Activity
After finding the line containing "و کیفیت عالی" below, please output that line and each following one through the line containing "Then add garlic, herbs", exactly as written.

Extracted records
==*==
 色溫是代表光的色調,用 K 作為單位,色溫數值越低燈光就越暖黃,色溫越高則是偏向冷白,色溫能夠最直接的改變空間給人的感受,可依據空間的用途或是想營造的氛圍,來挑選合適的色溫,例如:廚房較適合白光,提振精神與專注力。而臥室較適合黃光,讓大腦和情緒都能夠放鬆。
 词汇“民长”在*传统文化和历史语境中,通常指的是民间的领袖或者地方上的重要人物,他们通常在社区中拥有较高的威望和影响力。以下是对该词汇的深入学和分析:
==*==
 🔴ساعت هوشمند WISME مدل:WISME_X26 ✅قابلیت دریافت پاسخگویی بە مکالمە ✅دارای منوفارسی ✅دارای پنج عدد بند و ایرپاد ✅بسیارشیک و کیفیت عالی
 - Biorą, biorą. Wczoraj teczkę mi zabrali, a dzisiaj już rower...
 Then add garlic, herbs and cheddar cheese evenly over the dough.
==*==
Result of this task
 🔴ساعت هوشمند WISME مدل:WISME_X26 ✅قابلیت دریافت پاسخگویی بە مکالمە ✅دارای منوفارسی ✅دارای پنج عدد بند و ایرپاد ✅بسیارشیک و کیفیت عالی
 - Biorą, biorą. Wczoraj teczkę mi zabrali, a dzisiaj już rower...
 Then add garlic, herbs and cheddar cheese evenly over the dough.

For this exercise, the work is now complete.